= Beginning of Section =

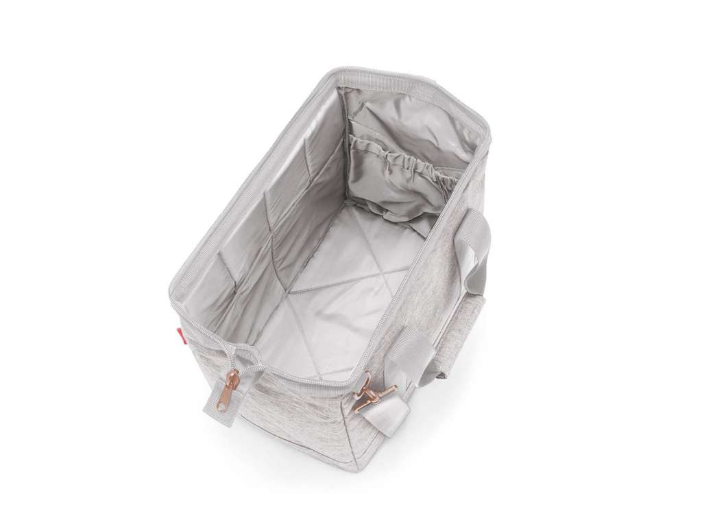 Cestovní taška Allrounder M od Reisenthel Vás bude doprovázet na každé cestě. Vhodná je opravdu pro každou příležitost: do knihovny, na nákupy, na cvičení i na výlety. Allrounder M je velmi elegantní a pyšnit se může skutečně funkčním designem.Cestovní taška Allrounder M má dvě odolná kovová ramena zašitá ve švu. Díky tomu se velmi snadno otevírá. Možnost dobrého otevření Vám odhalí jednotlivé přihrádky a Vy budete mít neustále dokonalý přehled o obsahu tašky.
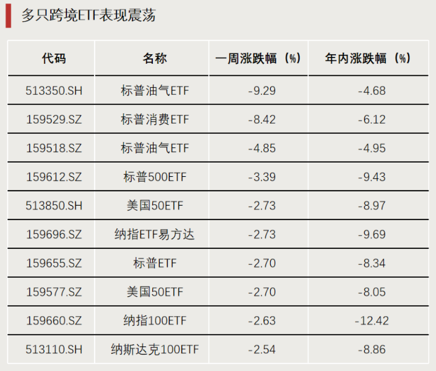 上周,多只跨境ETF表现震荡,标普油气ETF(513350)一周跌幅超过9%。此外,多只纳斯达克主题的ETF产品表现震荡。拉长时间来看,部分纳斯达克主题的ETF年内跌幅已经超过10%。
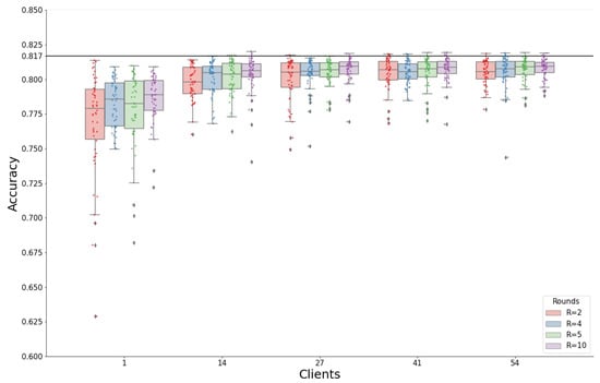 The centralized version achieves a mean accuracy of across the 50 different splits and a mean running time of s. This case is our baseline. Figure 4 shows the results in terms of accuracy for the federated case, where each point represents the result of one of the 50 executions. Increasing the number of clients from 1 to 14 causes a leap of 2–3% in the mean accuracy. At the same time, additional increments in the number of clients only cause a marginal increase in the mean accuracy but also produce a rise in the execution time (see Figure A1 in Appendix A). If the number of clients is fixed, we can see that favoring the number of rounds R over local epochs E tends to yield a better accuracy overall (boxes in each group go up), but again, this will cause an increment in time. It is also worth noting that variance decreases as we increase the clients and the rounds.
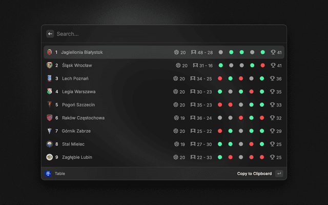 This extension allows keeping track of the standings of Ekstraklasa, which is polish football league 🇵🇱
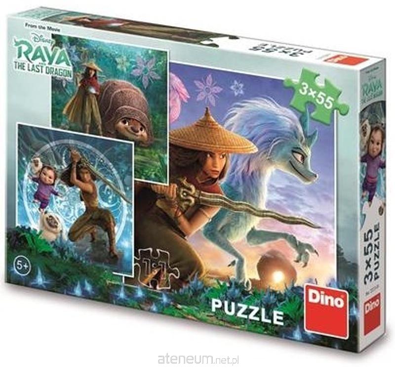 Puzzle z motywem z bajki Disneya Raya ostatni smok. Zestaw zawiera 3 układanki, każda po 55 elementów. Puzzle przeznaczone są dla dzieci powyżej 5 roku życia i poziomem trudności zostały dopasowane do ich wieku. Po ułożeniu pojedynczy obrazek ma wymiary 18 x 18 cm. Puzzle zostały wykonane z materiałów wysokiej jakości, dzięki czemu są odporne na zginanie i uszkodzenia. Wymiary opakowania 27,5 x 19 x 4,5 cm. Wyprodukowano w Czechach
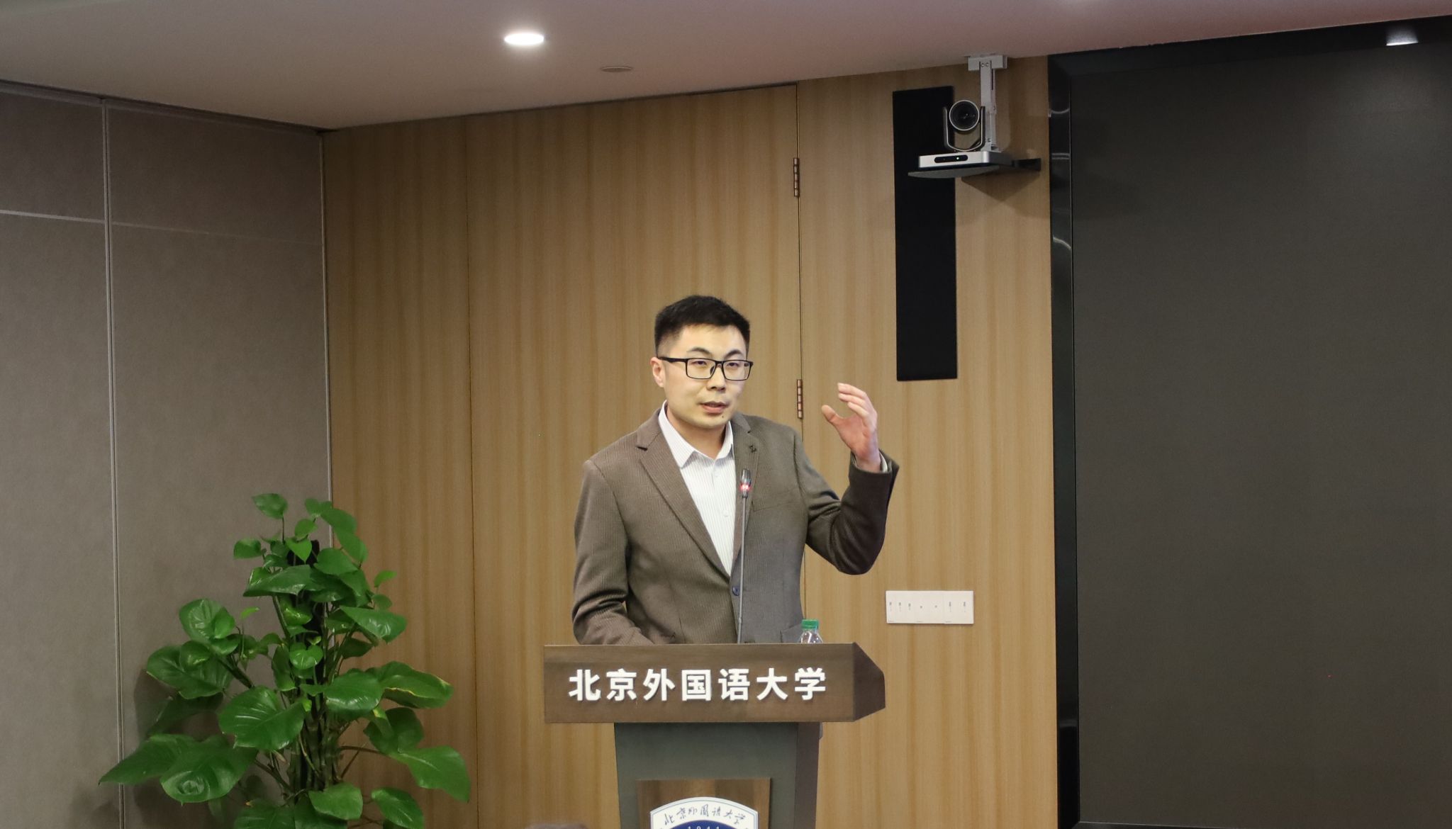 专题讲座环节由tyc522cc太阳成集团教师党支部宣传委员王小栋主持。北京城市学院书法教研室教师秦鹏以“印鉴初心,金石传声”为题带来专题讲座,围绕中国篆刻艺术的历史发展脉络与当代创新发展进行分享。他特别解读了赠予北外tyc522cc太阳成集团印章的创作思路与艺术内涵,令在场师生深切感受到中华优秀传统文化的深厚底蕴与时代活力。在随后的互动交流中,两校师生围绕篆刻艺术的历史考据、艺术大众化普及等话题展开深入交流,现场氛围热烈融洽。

= End of Section =

» Your assignment
The first line of the listing through the line with "上周,多只跨境ETF表现震荡": repeat exactly that span and nothing more, skipping pictures.

» Task output
 Cestovní taška Allrounder M od Reisenthel Vás bude doprovázet na každé cestě. Vhodná je opravdu pro každou příležitost: do knihovny, na nákupy, na cvičení i na výlety. Allrounder M je velmi elegantní a pyšnit se může skutečně funkčním designem.Cestovní taška Allrounder M má dvě odolná kovová ramena zašitá ve švu. Díky tomu se velmi snadno otevírá. Možnost dobrého otevření Vám odhalí jednotlivé přihrádky a Vy budete mít neustále dokonalý přehled o obsahu tašky.
 上周,多只跨境ETF表现震荡,标普油气ETF(513350)一周跌幅超过9%。此外,多只纳斯达克主题的ETF产品表现震荡。拉长时间来看,部分纳斯达克主题的ETF年内跌幅已经超过10%。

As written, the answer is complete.